Jeon Sangmin, Lee Kangju, Lee Kyeongwon, Lee Woojoo
Department of Intelligent Semiconductor Engineering, Chung-Ang University, 84, Heukseok-ro, Dongjak-gu, Seoul 06974, Republic of Korea.
Micromachines (Basel). 2024 Sep 30;15(10):1222. doi: 10.3390/mi15101222.

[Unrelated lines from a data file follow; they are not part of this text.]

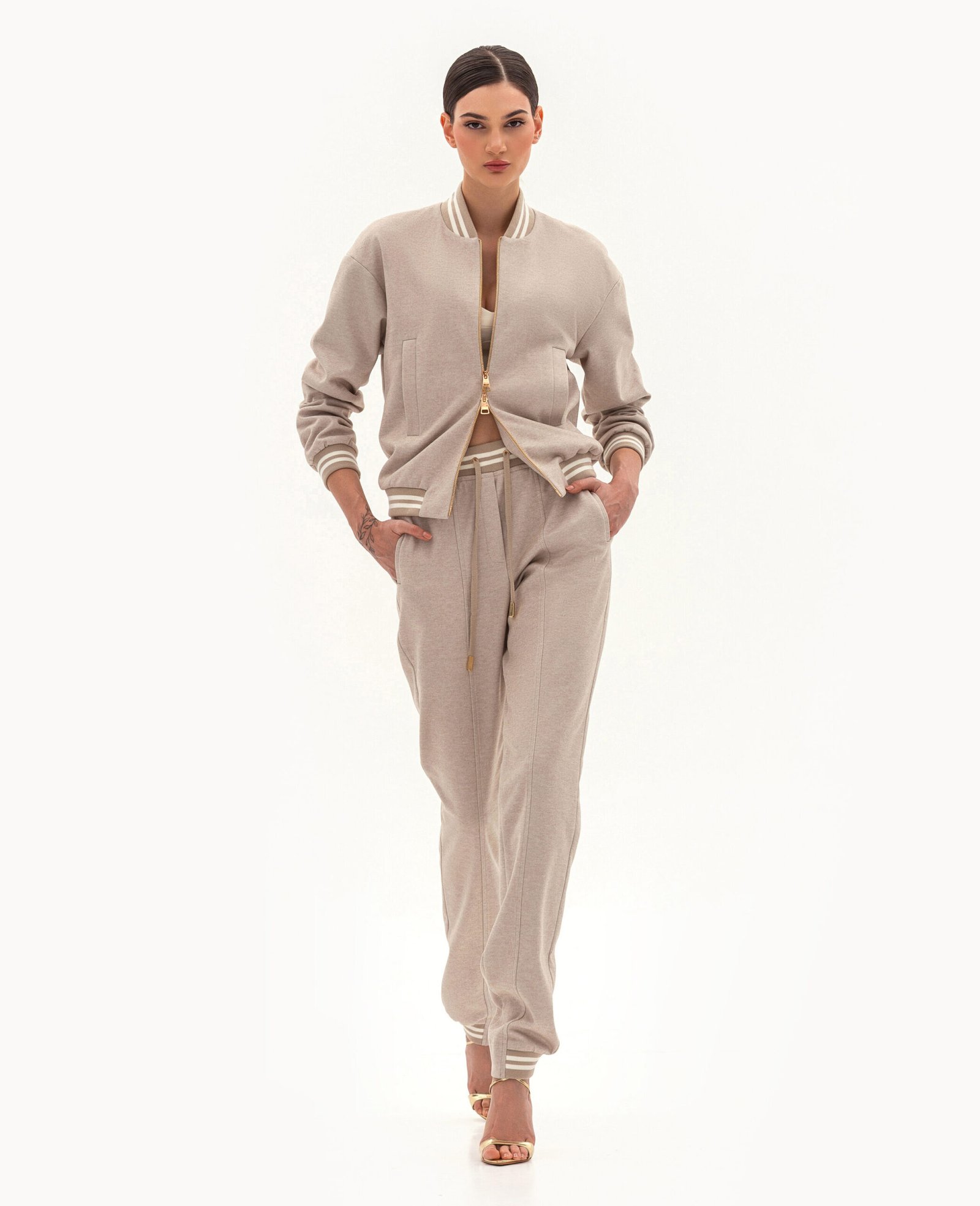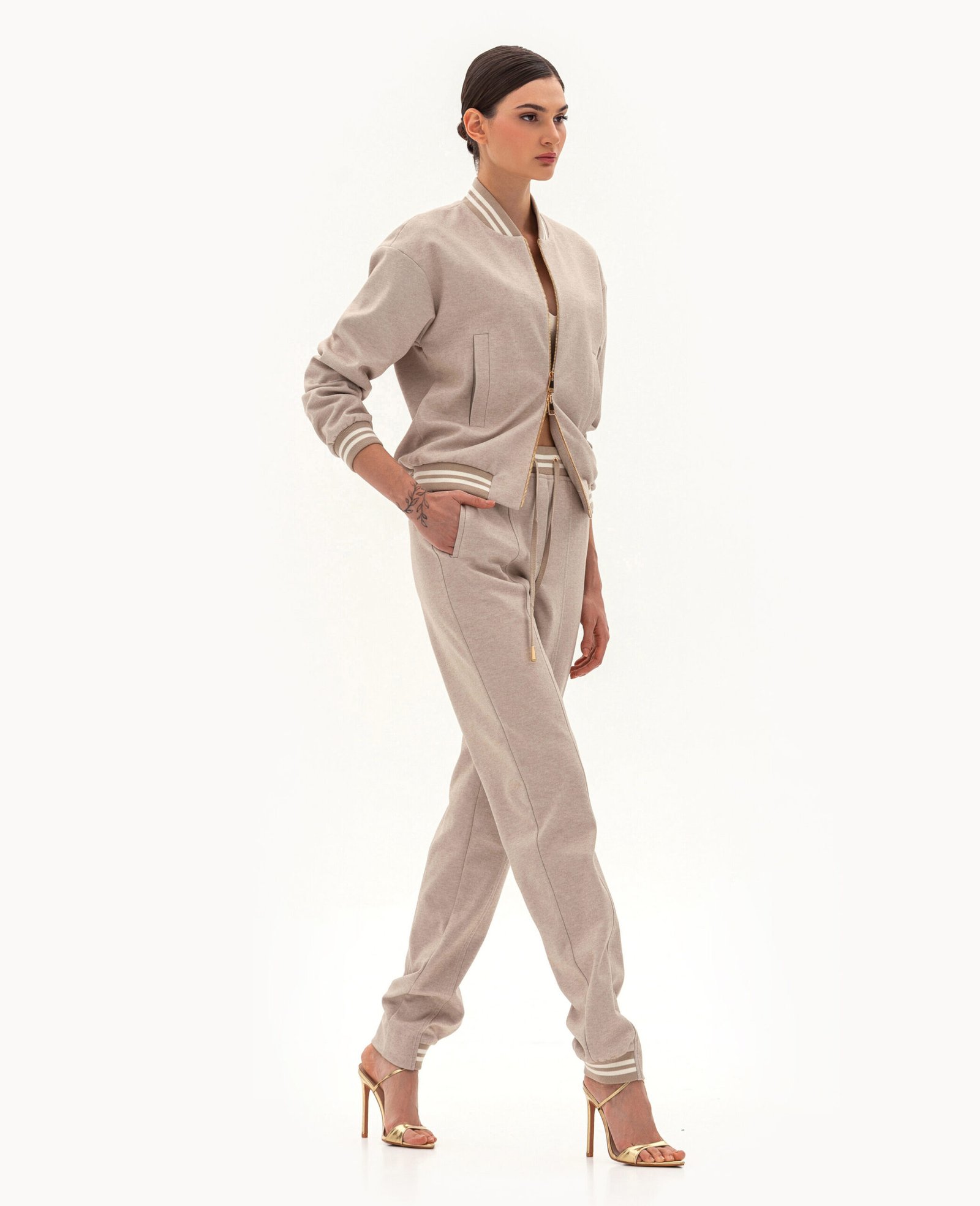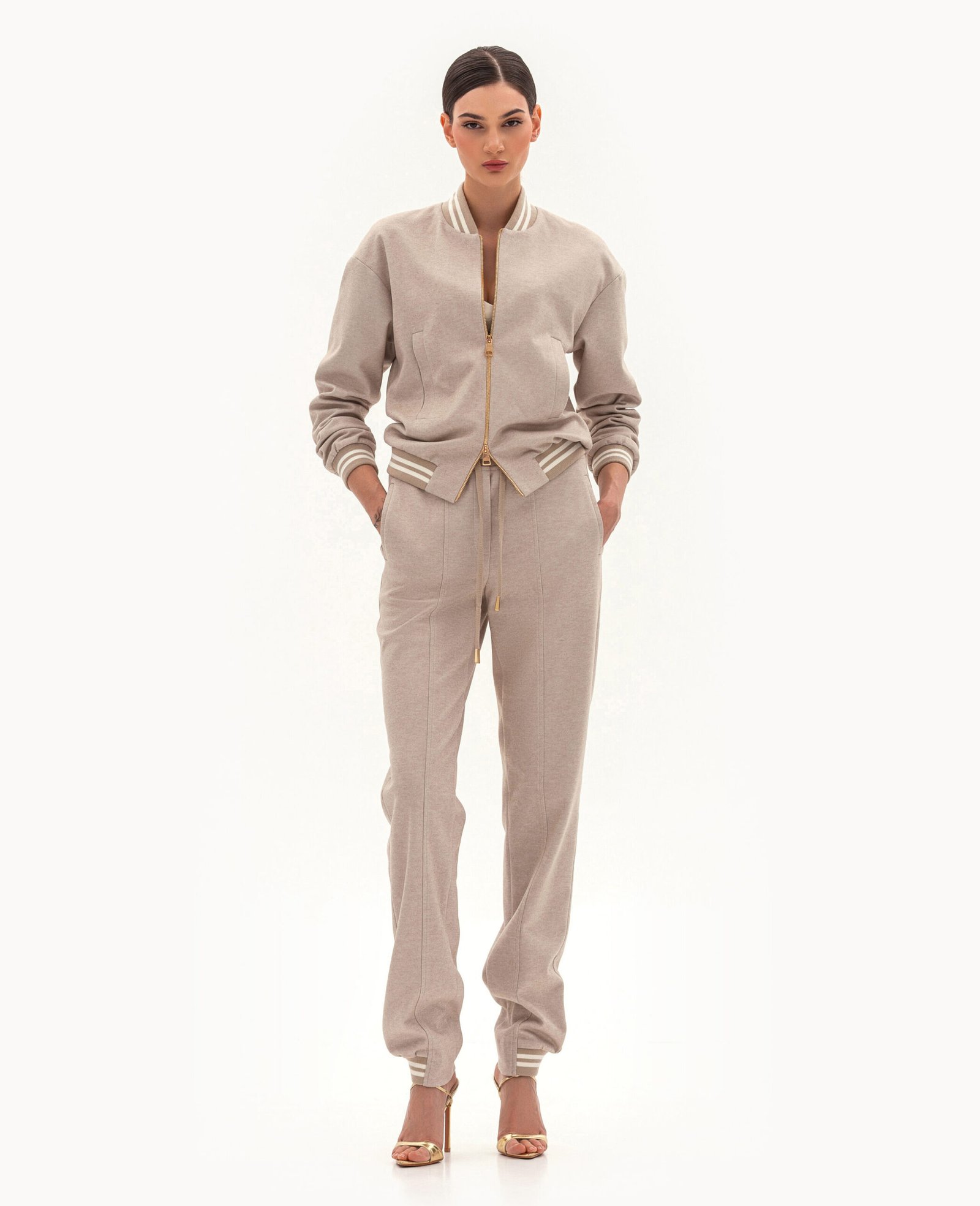Вигляд виробу: комплект - zip-худі та штани в стилі sport glam із щільного, теплого, м'якого полотна, декорований металевою фурнітурою та контрастними в'язаними манжетами.
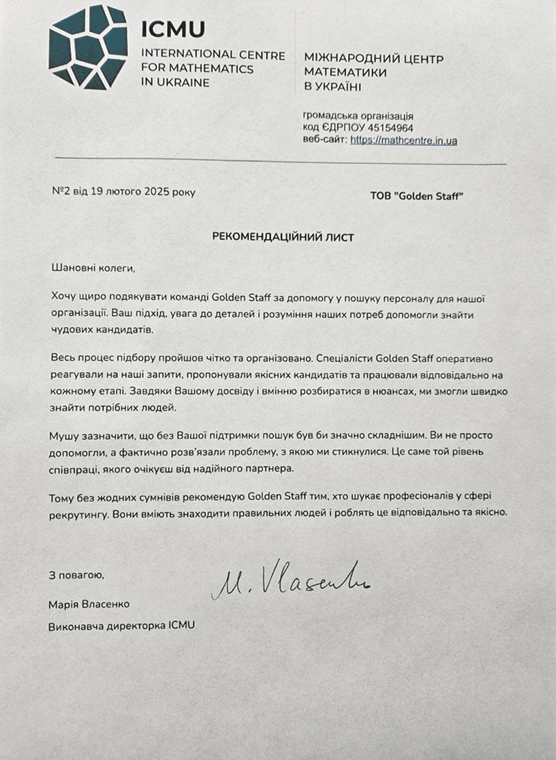 Хочу поблагодарить команду Golden Staff за помощь в поиске персонала для нашей организации. Ваш подход, внимание к деталям и понимание наших потребностей помогли найти отличных кандидатов.
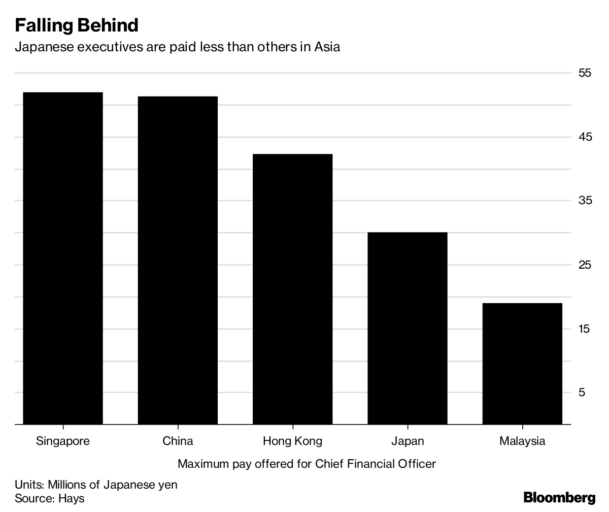 Japanese executives receive lower pay than their counterparts in other parts of Asia, and those seeking to change jobs increasingly cite money as their main motivation, according to studies by a recruitment firm.
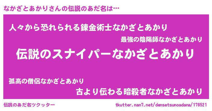 | 意味不明あだ名 | 『住所不定無職なかざとあかり(71歳)』 |
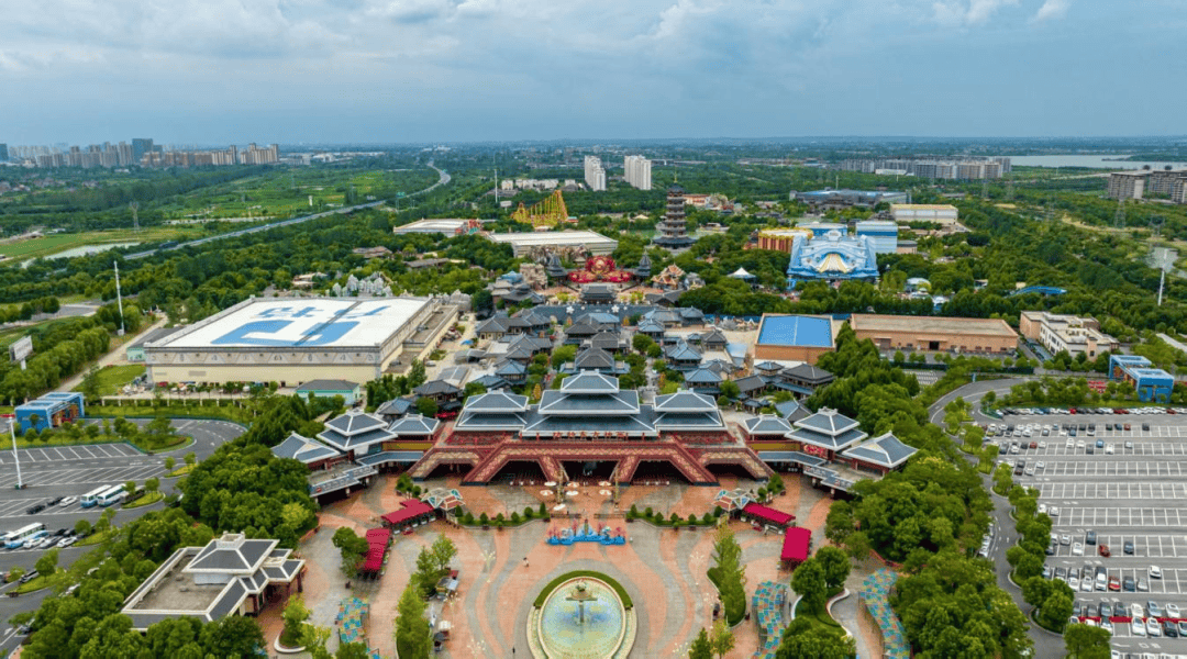 美景亮点:赛道紧邻方特园区,楚韵风格的建筑群落与游乐设施轮廓清晰,传统文化与现代娱乐感碰撞出独特画面。
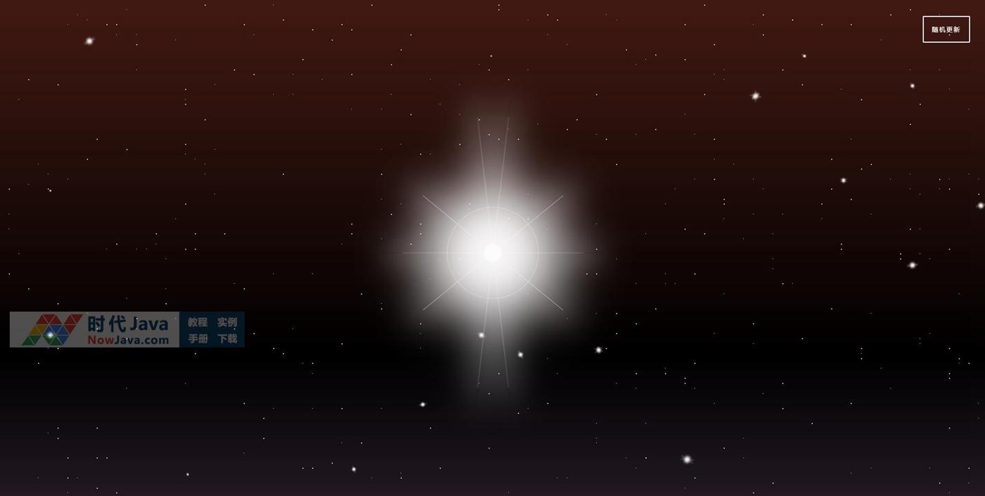 一款html5+css3绘制而成的夜空中星星光晕动画特效,点击右上角随机更新按钮可以重新随机显示小星星。
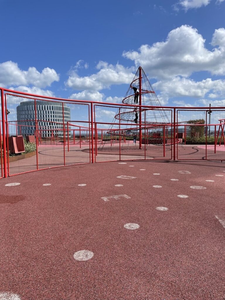 Frisch gestärkt dann zum eigentlichen Ziel der Fahrt. Ein Parkhaus. Ernsthaft? Ja, aber es ist schon ein ausergewöhnliches Parkhaus. Auf dem Dach des Konditaget Lüders befindet sich eine öffentlicher Fitness-Parkours, ein Spielplatz und grundsätzlich hat man eine schöne Aussicht über die Stadt.
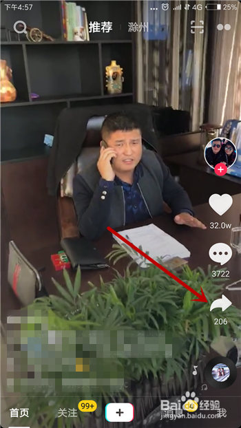 打开抖音后就可以起头播放短视频了,想要下载抖音短视频的话需要点击【转发】选项。
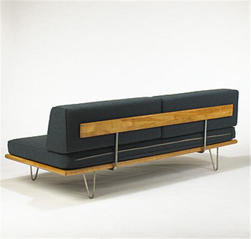 George Nelson and Associates daybed, model #5088 Herman Miller USA, c. 1950 upholstery, birch, aluminum 75.5"w x 34"d x 27.75"h Literature: The Herman Miller Collection, Nelson, pg. 54

The rapid advancement of artificial intelligence (AI) technology, combined with the widespread proliferation of Internet of Things (IoT) devices, has significantly expanded the scope of AI applications, from data centers to edge devices. Running AI applications on edge devices requires a careful balance between data processing performance and energy efficiency. This challenge becomes even more critical when the computational load of applications dynamically changes over time, making it difficult to maintain optimal performance and energy efficiency simultaneously. To address these challenges, we propose a novel processing-in-memory (PIM) technology that dynamically optimizes performance and power consumption in response to real-time workload variations in AI applications. Our proposed solution consists of a new PIM architecture and an operational algorithm designed to maximize its effectiveness. The PIM architecture follows a well-established structure known for effectively handling data-centric tasks in AI applications. However, unlike conventional designs, it features a heterogeneous configuration of high-performance PIM (HP-PIM) modules and low-power PIM (LP-PIM) modules. This enables the system to dynamically adjust data processing based on varying computational load, optimizing energy efficiency according to the application's workload demands. In addition, we present a data placement optimization algorithm to fully leverage the potential of the heterogeneous PIM architecture. This algorithm predicts changes in application workloads and optimally allocates data to the HP-PIM and LP-PIM modules, improving energy efficiency. To validate and evaluate the proposed technology, we implemented the PIM architecture and developed an embedded processor that integrates this architecture. We performed FPGA prototyping of the processor, and functional verification was successfully completed. Experimental results from running applications with varying workload demands on the prototype PIM processor demonstrate that the proposed technology achieves up to 29.54% energy savings.
人工智能(AI)技术的迅速发展,再加上物联网(IoT)设备的广泛普及,显著扩大了AI应用的范围,从数据中心到边缘设备。在边缘设备上运行AI应用需要在数据处理性能和能源效率之间仔细权衡。当应用的计算负载随时间动态变化时,这一挑战变得更加关键,使得难以同时维持最佳性能和能源效率。为应对这些挑战,我们提出了一种新颖的内存处理(PIM)技术,该技术可根据AI应用中的实时工作负载变化动态优化性能和功耗。我们提出的解决方案包括一种新的PIM架构和一种旨在最大化其有效性的操作算法。该PIM架构遵循一种成熟的结构,以有效处理AI应用中以数据为中心的任务而闻名。然而,与传统设计不同的是,它具有高性能PIM(HP-PIM)模块和低功耗PIM(LP-PIM)模块的异构配置。这使系统能够根据变化的计算负载动态调整数据处理,根据应用的工作负载需求优化能源效率。此外,我们提出了一种数据放置优化算法,以充分利用异构PIM架构的潜力。该算法预测应用工作负载的变化,并将数据最优地分配到HP-PIM和LP-PIM模块,提高能源效率。为了验证和评估所提出的技术,我们实现了PIM架构并开发了集成该架构的嵌入式处理器。我们对该处理器进行了FPGA原型设计,并成功完成了功能验证。在原型PIM处理器上运行具有不同工作负载需求的应用的实验结果表明,所提出的技术可实现高达29.54%的节能。